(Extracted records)
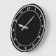 Cadran noir, chiffres d'heure blancs, couleur de main gris, forme ronde et horloge murale en acrylique. Peu de combinaisons de couleurs pour ceux qui préfèrent un design de couleur simple et minimal. Horloge pour vérifier votre heure et décorer aussi votre mur. Disponible également sur d'autres tailles et styles.
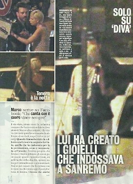 E poi mi sveglio una mattina,questa mattina… e trovo nella mia mail l’anteprima di un giornale in cui mi attribuiscono un nuovo fidanzato…ora non so quanto sia giusto dovermi giustificare con voi o meno,ma da parte mia c’è la volontà di esprimere il mio disgusto nel modo in cui parte di questo mondo specula sulla vita degli altri. Marco de Luca è un mio carissimo amico,non che colui che ha creato i miei gioielli per Sanremo e sere fa ha raggiunto me e le mie amiche per portarmi i gioielli per l’arena di Verona. Ora innanzitutto mi dispiace se questo articolo potesse in qualche modo metterlo in difficoltà con la sua vita privata..dato che ribadisco siamo amici e un BACIO SULLA GUANCIA e un abbraccio non significa avere una nuova storia. Quindi amici miei prepariamoci al fatto che da adesso in poi ogni volta che mi fotograferanno in compagnia di esseri viventi,oggetti non identificati,specie protette,e chi più ne ha più ne metta… saranno comunque tutti o tutte miei fidanzati/e…e che dire…votatemi come si deve a Verona..perchè vi ripeto..tutto il resto è noia…e in certi casi anche “monnezza”…vvb
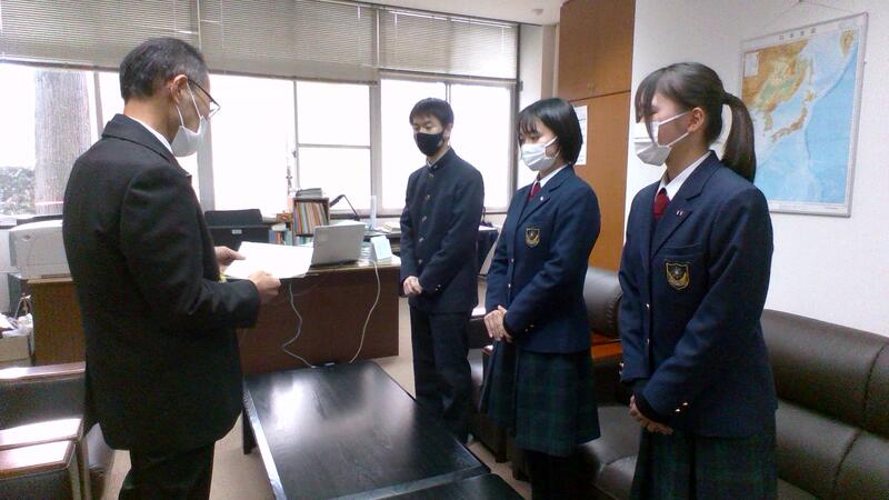 このことについて、生徒を代表して生徒会長の森元くん、風紀委員長の鮫島さん、4コマ漫画部門で熊本県警本部賞を受賞した莟さんが放課後、校長先生に報告に行き、お言葉をいただきました。また、本人たちも受賞を受けて感想を述べました。
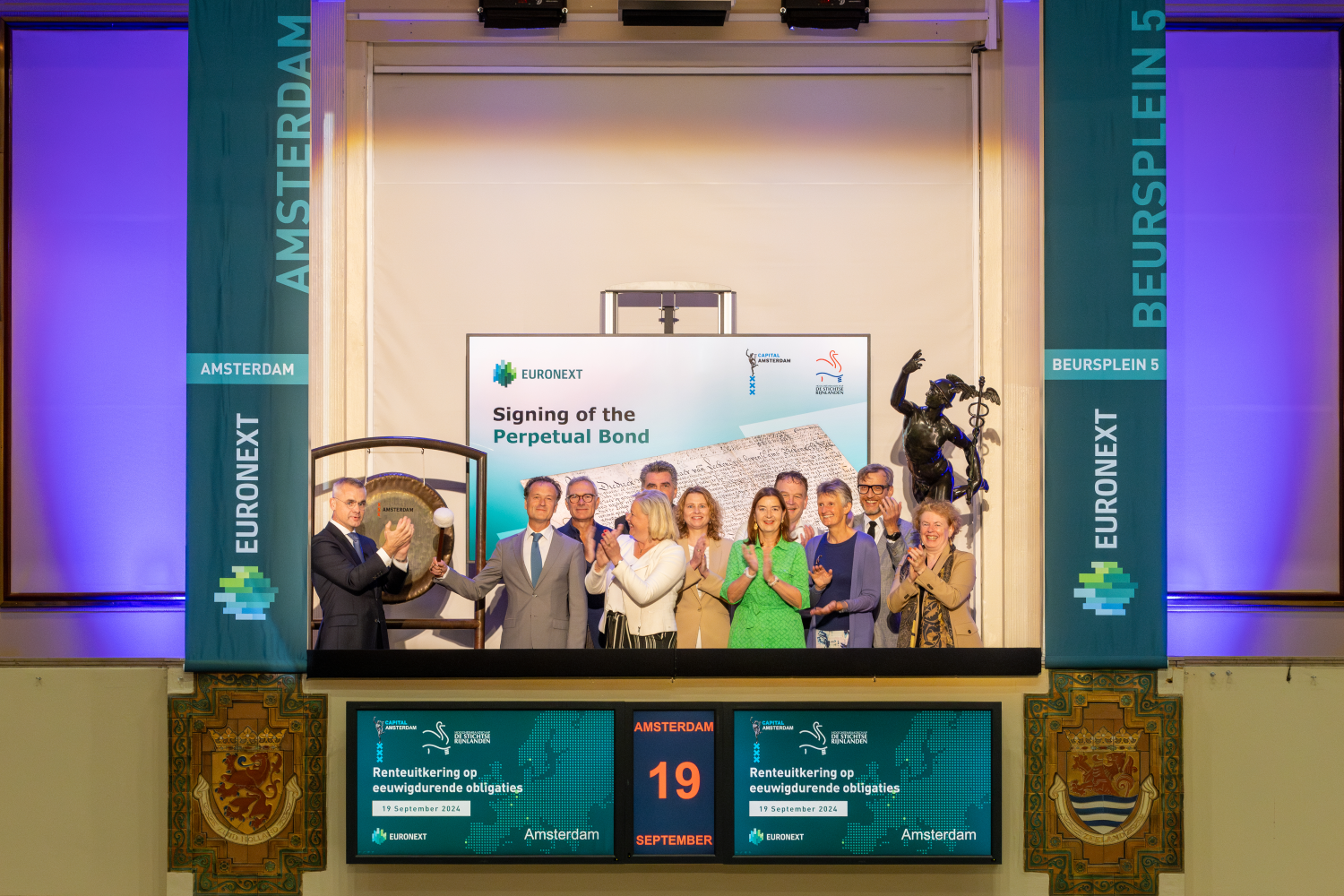 De handelsdag werd geopend door Jeroen Haan, Dijkgraaf van Hoogheemraadschap De Stichtse Rijnlanden in het bijzijn van René van Vlerken, CEO bij Euronext Amsterdam.
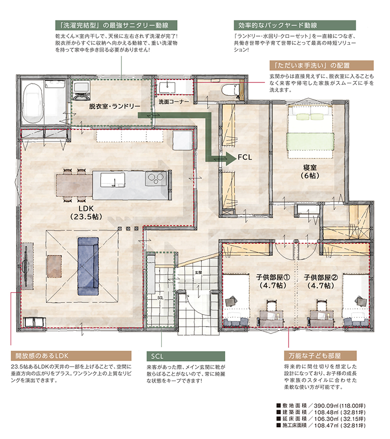 「家事動線、最短。幸福度、最大。」を叶える家です。

- Your task
All of the data above must be printed exactly, minus its pictures.

- Solution for this exercise
 Cadran noir, chiffres d'heure blancs, couleur de main gris, forme ronde et horloge murale en acrylique. Peu de combinaisons de couleurs pour ceux qui préfèrent un design de couleur simple et minimal. Horloge pour vérifier votre heure et décorer aussi votre mur. Disponible également sur d'autres tailles et styles.
 E poi mi sveglio una mattina,questa mattina… e trovo nella mia mail l’anteprima di un giornale in cui mi attribuiscono un nuovo fidanzato…ora non so quanto sia giusto dovermi giustificare con voi o meno,ma da parte mia c’è la volontà di esprimere il mio disgusto nel modo in cui parte di questo mondo specula sulla vita degli altri. Marco de Luca è un mio carissimo amico,non che colui che ha creato i miei gioielli per Sanremo e sere fa ha raggiunto me e le mie amiche per portarmi i gioielli per l’arena di Verona. Ora innanzitutto mi dispiace se questo articolo potesse in qualche modo metterlo in difficoltà con la sua vita privata..dato che ribadisco siamo amici e un BACIO SULLA GUANCIA e un abbraccio non significa avere una nuova storia. Quindi amici miei prepariamoci al fatto che da adesso in poi ogni volta che mi fotograferanno in compagnia di esseri viventi,oggetti non identificati,specie protette,e chi più ne ha più ne metta… saranno comunque tutti o tutte miei fidanzati/e…e che dire…votatemi come si deve a Verona..perchè vi ripeto..tutto il resto è noia…e in certi casi anche “monnezza”…vvb
 このことについて、生徒を代表して生徒会長の森元くん、風紀委員長の鮫島さん、4コマ漫画部門で熊本県警本部賞を受賞した莟さんが放課後、校長先生に報告に行き、お言葉をいただきました。また、本人たちも受賞を受けて感想を述べました。
 De handelsdag werd geopend door Jeroen Haan, Dijkgraaf van Hoogheemraadschap De Stichtse Rijnlanden in het bijzijn van René van Vlerken, CEO bij Euronext Amsterdam.
 「家事動線、最短。幸福度、最大。」を叶える家です。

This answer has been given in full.